Count the lines below that contain "features". Give only the number.
-------- DATA TO EXAMINE
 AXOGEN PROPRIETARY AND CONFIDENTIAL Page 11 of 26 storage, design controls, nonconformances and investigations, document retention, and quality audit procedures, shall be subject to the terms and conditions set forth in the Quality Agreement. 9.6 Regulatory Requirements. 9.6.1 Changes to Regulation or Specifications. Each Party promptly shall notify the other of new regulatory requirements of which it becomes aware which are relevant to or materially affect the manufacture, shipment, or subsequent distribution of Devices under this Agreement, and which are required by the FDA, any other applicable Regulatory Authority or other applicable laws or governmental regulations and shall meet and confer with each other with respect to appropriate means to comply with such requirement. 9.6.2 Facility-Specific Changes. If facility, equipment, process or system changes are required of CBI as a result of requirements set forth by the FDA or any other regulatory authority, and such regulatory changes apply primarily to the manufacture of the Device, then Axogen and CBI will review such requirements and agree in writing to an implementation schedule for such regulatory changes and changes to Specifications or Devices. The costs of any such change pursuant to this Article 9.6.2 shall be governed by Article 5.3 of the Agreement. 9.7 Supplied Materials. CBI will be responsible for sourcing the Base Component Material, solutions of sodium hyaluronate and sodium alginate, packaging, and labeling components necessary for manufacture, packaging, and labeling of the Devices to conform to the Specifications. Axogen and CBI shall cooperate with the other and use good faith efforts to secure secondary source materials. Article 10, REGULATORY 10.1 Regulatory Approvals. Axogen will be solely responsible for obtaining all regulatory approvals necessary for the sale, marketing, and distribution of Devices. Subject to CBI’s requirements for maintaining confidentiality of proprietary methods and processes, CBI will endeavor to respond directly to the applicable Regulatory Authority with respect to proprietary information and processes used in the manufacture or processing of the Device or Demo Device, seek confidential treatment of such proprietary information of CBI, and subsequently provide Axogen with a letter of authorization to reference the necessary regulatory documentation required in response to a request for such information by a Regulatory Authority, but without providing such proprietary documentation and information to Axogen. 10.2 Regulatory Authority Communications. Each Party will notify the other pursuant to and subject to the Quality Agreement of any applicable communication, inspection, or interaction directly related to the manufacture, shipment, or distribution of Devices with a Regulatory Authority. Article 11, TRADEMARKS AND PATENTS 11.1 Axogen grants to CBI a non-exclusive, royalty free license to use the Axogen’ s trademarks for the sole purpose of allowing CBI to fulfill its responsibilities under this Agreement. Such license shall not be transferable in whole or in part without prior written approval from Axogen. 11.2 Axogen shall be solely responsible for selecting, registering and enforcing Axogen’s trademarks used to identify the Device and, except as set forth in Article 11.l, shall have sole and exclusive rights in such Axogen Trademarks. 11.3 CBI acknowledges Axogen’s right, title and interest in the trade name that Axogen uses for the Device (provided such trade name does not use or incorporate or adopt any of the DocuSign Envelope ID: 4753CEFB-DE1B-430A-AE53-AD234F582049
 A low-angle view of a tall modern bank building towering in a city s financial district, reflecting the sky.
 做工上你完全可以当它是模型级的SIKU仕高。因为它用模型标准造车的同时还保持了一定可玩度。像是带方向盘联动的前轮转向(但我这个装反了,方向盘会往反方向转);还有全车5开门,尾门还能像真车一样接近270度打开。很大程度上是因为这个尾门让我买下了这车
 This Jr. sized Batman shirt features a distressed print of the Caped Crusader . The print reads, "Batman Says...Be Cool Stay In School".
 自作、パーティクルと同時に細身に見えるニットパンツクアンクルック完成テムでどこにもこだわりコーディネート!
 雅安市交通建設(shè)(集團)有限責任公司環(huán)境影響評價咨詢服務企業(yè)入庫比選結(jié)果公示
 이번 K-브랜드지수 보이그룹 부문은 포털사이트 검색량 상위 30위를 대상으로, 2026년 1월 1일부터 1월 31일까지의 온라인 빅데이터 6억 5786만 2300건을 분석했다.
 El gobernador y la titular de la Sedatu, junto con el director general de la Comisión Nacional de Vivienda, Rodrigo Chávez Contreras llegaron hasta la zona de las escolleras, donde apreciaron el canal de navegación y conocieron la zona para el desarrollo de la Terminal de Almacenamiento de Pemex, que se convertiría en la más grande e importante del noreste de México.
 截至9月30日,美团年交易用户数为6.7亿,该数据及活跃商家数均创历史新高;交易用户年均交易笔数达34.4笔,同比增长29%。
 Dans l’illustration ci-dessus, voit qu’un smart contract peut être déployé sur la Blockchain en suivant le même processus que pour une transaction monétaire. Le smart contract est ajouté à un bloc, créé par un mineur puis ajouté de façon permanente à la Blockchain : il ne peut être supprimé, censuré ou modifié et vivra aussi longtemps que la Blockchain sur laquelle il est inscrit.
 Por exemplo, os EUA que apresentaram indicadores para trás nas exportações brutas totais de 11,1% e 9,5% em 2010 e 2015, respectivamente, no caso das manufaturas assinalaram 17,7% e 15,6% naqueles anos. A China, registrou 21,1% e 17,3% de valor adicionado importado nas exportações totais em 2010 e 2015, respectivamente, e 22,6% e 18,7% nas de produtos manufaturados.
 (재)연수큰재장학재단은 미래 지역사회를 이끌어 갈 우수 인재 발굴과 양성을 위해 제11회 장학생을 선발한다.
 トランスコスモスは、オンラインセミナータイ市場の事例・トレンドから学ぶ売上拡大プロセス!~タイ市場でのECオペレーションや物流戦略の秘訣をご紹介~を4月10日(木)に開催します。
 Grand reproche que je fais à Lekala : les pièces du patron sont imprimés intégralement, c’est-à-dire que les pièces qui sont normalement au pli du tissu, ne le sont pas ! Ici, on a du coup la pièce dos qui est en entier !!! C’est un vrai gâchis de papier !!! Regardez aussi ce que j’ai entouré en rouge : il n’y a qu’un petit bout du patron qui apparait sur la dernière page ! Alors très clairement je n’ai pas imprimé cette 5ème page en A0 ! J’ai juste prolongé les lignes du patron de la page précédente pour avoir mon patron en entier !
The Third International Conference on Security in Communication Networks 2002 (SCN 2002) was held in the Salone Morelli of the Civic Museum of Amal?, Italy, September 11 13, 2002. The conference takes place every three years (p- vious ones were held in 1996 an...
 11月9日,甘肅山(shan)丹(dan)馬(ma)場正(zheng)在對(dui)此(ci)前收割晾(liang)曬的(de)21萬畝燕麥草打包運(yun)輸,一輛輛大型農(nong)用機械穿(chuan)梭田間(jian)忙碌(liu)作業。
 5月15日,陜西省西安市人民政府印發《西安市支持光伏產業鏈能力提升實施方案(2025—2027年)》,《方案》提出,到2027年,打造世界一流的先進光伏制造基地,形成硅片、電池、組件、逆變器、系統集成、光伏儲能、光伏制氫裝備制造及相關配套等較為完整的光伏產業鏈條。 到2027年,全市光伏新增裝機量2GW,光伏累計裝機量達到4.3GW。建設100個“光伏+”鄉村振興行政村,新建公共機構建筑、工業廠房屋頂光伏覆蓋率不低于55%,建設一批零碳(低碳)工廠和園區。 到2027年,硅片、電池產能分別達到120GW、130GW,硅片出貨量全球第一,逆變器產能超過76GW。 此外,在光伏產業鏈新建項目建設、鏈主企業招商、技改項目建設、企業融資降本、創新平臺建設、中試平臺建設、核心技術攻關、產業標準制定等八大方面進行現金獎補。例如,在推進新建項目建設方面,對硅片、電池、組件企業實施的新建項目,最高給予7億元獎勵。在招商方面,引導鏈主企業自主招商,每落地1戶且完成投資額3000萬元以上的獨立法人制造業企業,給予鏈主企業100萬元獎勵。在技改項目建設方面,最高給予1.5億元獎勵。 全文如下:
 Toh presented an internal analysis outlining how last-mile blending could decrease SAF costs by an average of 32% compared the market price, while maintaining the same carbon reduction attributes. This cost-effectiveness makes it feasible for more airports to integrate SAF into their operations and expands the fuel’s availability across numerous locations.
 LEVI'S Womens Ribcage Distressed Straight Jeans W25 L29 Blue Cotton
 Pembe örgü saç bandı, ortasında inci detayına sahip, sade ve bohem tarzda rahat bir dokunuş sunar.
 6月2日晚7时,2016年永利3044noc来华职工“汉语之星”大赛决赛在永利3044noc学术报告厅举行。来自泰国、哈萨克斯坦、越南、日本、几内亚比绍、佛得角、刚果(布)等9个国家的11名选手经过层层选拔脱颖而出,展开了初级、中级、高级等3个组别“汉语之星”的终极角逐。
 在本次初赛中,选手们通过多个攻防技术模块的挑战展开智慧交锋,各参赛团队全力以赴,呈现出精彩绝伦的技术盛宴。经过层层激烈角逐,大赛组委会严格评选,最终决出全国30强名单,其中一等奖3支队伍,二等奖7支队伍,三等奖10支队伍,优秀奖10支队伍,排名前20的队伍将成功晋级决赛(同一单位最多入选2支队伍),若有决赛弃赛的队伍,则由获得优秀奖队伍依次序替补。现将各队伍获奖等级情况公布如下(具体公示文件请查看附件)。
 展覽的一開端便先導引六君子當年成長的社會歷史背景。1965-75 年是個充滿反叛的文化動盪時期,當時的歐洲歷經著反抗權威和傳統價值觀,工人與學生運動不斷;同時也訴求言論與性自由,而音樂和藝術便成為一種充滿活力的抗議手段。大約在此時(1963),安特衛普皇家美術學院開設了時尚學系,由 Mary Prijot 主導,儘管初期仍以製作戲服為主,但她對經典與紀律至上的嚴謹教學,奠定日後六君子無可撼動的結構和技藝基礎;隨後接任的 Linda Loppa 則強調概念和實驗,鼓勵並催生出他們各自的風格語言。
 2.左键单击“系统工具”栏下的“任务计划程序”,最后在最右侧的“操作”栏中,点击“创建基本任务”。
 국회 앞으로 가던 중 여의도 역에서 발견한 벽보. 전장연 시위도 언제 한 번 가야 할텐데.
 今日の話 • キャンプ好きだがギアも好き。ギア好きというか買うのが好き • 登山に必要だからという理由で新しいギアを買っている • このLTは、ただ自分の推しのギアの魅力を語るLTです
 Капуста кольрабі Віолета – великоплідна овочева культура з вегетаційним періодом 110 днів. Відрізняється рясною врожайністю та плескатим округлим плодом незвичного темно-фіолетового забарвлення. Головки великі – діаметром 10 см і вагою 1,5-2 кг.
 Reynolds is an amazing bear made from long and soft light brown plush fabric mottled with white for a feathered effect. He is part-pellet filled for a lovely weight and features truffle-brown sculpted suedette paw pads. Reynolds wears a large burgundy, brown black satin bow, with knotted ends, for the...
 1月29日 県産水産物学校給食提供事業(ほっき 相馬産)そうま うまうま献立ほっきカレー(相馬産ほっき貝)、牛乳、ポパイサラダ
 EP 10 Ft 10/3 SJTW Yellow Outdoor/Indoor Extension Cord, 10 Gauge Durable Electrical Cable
----------------
▶ _EXERCISE RESULT_:
2